(Records supplied Opens)
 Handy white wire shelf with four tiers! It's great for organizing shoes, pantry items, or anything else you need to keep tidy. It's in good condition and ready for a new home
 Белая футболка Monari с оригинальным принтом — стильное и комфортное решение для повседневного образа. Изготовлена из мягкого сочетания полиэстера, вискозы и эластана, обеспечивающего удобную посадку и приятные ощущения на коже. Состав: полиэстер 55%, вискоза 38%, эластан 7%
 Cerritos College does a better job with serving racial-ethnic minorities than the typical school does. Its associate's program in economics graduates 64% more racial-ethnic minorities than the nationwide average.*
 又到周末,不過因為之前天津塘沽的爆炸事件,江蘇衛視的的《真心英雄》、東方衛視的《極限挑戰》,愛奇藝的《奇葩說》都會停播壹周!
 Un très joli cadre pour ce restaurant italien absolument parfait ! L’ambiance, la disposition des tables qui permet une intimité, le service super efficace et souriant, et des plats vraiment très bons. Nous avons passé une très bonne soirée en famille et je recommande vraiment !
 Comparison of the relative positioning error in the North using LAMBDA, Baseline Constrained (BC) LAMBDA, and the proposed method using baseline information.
(Records supplied Closes)
(Records supplied Opens)
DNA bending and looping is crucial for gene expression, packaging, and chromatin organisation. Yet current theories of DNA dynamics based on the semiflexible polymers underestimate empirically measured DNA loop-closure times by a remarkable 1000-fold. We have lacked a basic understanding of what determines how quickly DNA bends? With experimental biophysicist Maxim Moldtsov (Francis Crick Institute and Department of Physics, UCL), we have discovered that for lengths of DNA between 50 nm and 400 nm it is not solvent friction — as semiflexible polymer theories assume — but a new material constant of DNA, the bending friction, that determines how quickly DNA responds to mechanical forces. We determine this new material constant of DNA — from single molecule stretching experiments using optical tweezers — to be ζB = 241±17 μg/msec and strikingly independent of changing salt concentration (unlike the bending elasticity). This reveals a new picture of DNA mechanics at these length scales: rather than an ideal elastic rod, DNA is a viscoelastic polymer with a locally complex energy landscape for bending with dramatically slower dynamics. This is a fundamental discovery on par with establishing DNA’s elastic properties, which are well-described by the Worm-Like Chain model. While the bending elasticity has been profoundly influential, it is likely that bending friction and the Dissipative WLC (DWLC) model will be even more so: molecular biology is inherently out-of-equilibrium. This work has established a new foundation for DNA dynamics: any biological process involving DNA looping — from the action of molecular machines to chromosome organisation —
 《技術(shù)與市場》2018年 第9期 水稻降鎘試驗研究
(Records supplied Closes)
* **Action item**
From the material above, set down exactly the lines starting at the one with "Handy white wire" and ending at the one with "Comparison of the", end lines included.

* **Solved exercise**
 Handy white wire shelf with four tiers! It's great for organizing shoes, pantry items, or anything else you need to keep tidy. It's in good condition and ready for a new home
 Белая футболка Monari с оригинальным принтом — стильное и комфортное решение для повседневного образа. Изготовлена из мягкого сочетания полиэстера, вискозы и эластана, обеспечивающего удобную посадку и приятные ощущения на коже. Состав: полиэстер 55%, вискоза 38%, эластан 7%
 Cerritos College does a better job with serving racial-ethnic minorities than the typical school does. Its associate's program in economics graduates 64% more racial-ethnic minorities than the nationwide average.*
 又到周末,不過因為之前天津塘沽的爆炸事件,江蘇衛視的的《真心英雄》、東方衛視的《極限挑戰》,愛奇藝的《奇葩說》都會停播壹周!
 Un très joli cadre pour ce restaurant italien absolument parfait ! L’ambiance, la disposition des tables qui permet une intimité, le service super efficace et souriant, et des plats vraiment très bons. Nous avons passé une très bonne soirée en famille et je recommande vraiment !
 Comparison of the relative positioning error in the North using LAMBDA, Baseline Constrained (BC) LAMBDA, and the proposed method using baseline information.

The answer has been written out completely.